# What is required:
Reproduce the listing word for word. Skip any image.

# Dataset section:

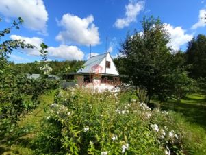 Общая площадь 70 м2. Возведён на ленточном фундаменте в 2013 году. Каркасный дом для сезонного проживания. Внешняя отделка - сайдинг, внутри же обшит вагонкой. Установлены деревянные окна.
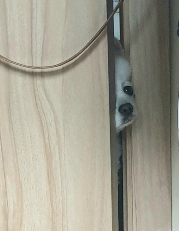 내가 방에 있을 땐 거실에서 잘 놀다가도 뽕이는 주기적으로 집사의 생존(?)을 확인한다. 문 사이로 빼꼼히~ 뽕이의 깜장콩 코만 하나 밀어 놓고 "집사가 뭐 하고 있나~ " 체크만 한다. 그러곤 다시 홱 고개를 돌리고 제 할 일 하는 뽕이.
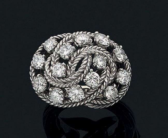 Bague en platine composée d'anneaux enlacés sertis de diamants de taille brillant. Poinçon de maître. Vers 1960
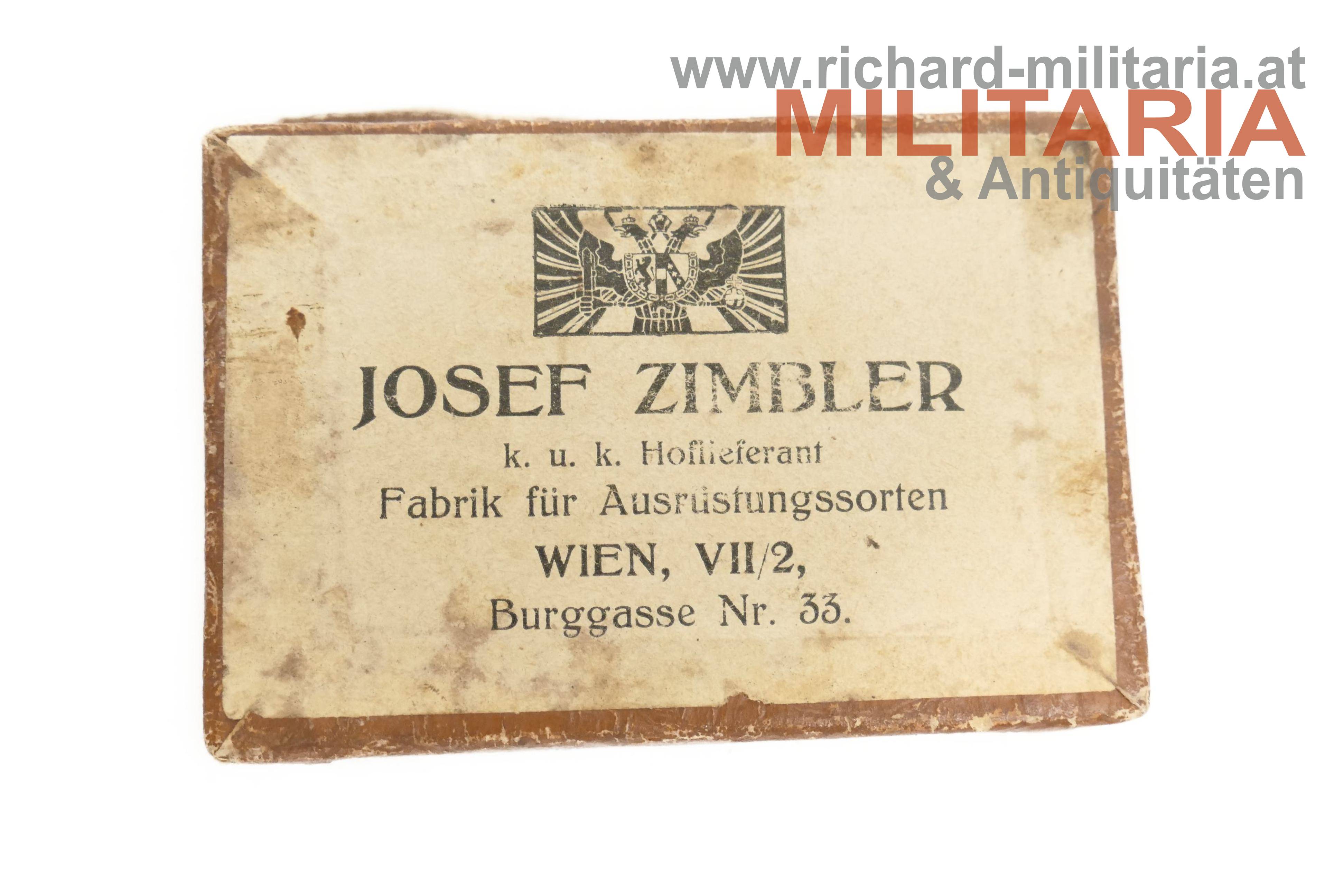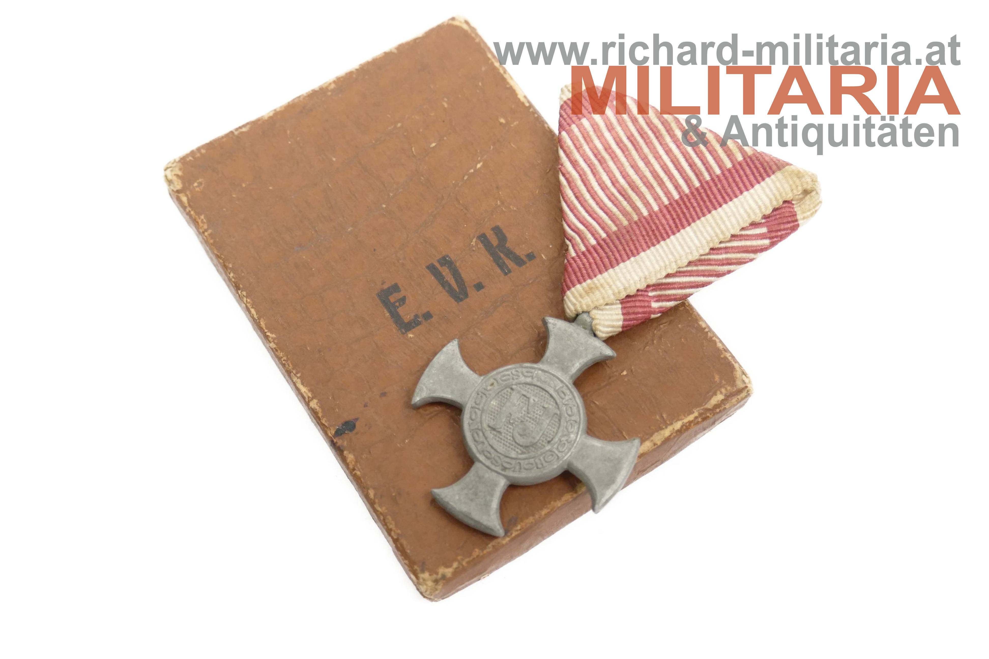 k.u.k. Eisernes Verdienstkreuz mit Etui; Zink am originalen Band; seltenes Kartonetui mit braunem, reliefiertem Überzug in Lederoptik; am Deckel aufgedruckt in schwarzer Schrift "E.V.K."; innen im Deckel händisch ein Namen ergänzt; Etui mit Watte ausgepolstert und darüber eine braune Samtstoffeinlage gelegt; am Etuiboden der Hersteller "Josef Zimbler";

# Written answer:
 Общая площадь 70 м2. Возведён на ленточном фундаменте в 2013 году. Каркасный дом для сезонного проживания. Внешняя отделка - сайдинг, внутри же обшит вагонкой. Установлены деревянные окна.
 내가 방에 있을 땐 거실에서 잘 놀다가도 뽕이는 주기적으로 집사의 생존(?)을 확인한다. 문 사이로 빼꼼히~ 뽕이의 깜장콩 코만 하나 밀어 놓고 "집사가 뭐 하고 있나~ " 체크만 한다. 그러곤 다시 홱 고개를 돌리고 제 할 일 하는 뽕이.
 Bague en platine composée d'anneaux enlacés sertis de diamants de taille brillant. Poinçon de maître. Vers 1960
 k.u.k. Eisernes Verdienstkreuz mit Etui; Zink am originalen Band; seltenes Kartonetui mit braunem, reliefiertem Überzug in Lederoptik; am Deckel aufgedruckt in schwarzer Schrift "E.V.K."; innen im Deckel händisch ein Namen ergänzt; Etui mit Watte ausgepolstert und darüber eine braune Samtstoffeinlage gelegt; am Etuiboden der Hersteller "Josef Zimbler";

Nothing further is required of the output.